**What you should do:**
Go through the listing below, and from the line containing "Для любого общего" through its last line, transcribe every line exactly, skipping pictures.

------------------------------------------------------------

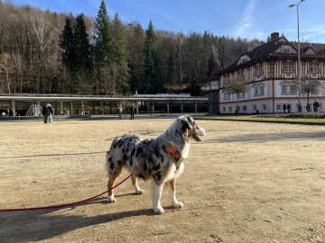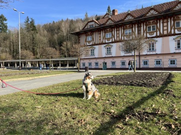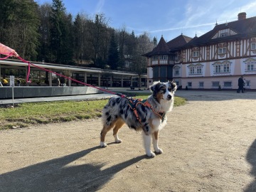 Vyskákali jsme všichni z auta, přešli přes Luhačovický potok a vydali se po červené turistické značce směr kolonáda. Prvním cílem totiž musely být oplatky. Na ty se děti hrozně těšily a celou cestu o nich mluvily. Byla jsem hezky na vodítku, šla vzorně u nohy paničky a po cestě potkávala spoustu kamarádů.
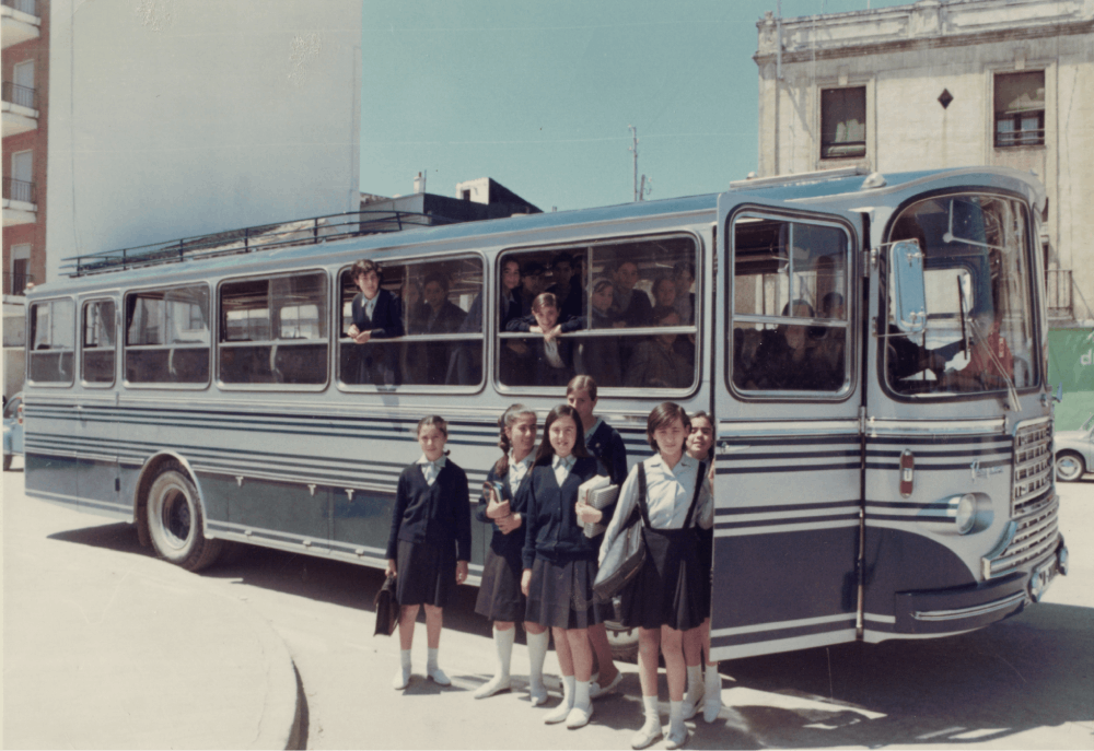 En esa misma década de 1950 apareció un nuevo uniforme. Se trataba de un pichi azul marino, cruzado con cuatro botones, y con camisa blanca. Llevaban una corbata con rayas azul marino y gris plata. La franja gris era más grande que la azul marino y brillaba por ser de seda. El cinturón era de cuero con hebilla y los zapatos, marrones y de la marca Gorila. Las telas para hacer el uniforme se vendían en el colegio y así se conseguía que fueran todas iguales. En la fiesta de la Niña María llevaban velo y guantes blancos.
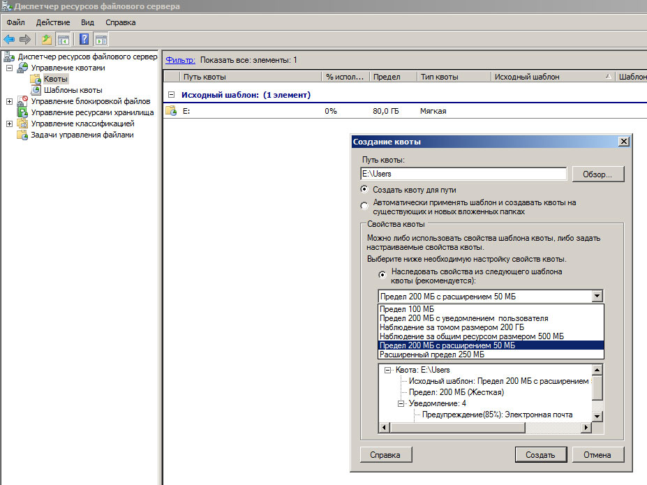 Для любого общего ресурса или папки на томе можно создать свою квоту, при создании квоты можно использовать один из шаблонов или установить все параметры вручную. В нашем случае мы создали для папки Users жесткую квоту 200+50 Мб, по превышению квоты администратор будет уведомлен, а пользователь сможет записать еще 50 Мб, после чего запись будет блокирована.
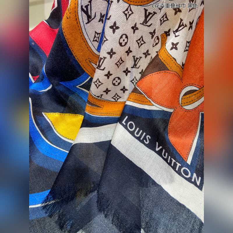 Cashmere huivi. Vasta-sama. Todella pidä siitä. L-kukainen päällekkäinen huivi. Louis Vuittonin klassinen Monogrammi-kuvio värikkäillä reunuksilla lisää upeaa tyyliä. Erittäin suositeltavaa. Tämä koko ei ole liian suuri tai liian pieni, erityisen helppo yhdistää. Laatu on super hyvä. Ymmärrät huippulaadun, kun saat sen. Huippuyksityiskohdat ovat mitä näet. Raskaan sarjan tarjous. VI:n asiakkaiden on ostettava se. Koko: 110*200cm 100% kashmir
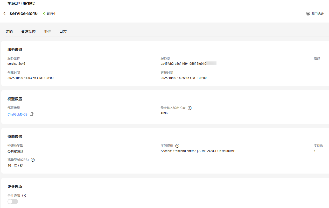 - “详情”:可以查看服务的基本信息,包括服务、模型、资源等设置信息。
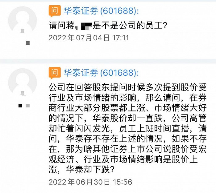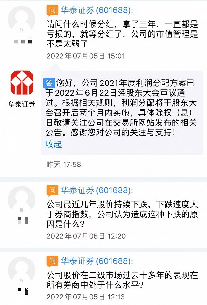 以上质询或主要来自于投资者对于华泰证券股价和分红问题的担忧。有多名投资者在互动页面直言公司股价下跌并迟迟未见分红日程安排。
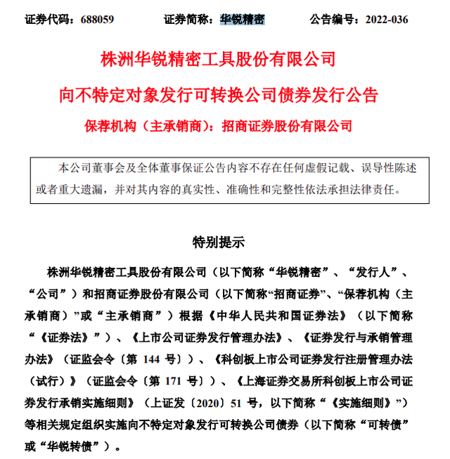 6月21日晚间,华锐精密发布公告称,公司拟公开发行可转换公司债券,本次拟发行可转债募集资金总额为人民币4亿元,发行数量为4000000张,每张面值为人民币100元,按面值发行,初始转股价格为130.910元/股。

------------------------------------------------------------

**Output:**
 Для любого общего ресурса или папки на томе можно создать свою квоту, при создании квоты можно использовать один из шаблонов или установить все параметры вручную. В нашем случае мы создали для папки Users жесткую квоту 200+50 Мб, по превышению квоты администратор будет уведомлен, а пользователь сможет записать еще 50 Мб, после чего запись будет блокирована.
 Cashmere huivi. Vasta-sama. Todella pidä siitä. L-kukainen päällekkäinen huivi. Louis Vuittonin klassinen Monogrammi-kuvio värikkäillä reunuksilla lisää upeaa tyyliä. Erittäin suositeltavaa. Tämä koko ei ole liian suuri tai liian pieni, erityisen helppo yhdistää. Laatu on super hyvä. Ymmärrät huippulaadun, kun saat sen. Huippuyksityiskohdat ovat mitä näet. Raskaan sarjan tarjous. VI:n asiakkaiden on ostettava se. Koko: 110*200cm 100% kashmir
 - “详情”:可以查看服务的基本信息,包括服务、模型、资源等设置信息。
 以上质询或主要来自于投资者对于华泰证券股价和分红问题的担忧。有多名投资者在互动页面直言公司股价下跌并迟迟未见分红日程安排。
 6月21日晚间,华锐精密发布公告称,公司拟公开发行可转换公司债券,本次拟发行可转债募集资金总额为人民币4亿元,发行数量为4000000张,每张面值为人民币100元,按面值发行,初始转股价格为130.910元/股。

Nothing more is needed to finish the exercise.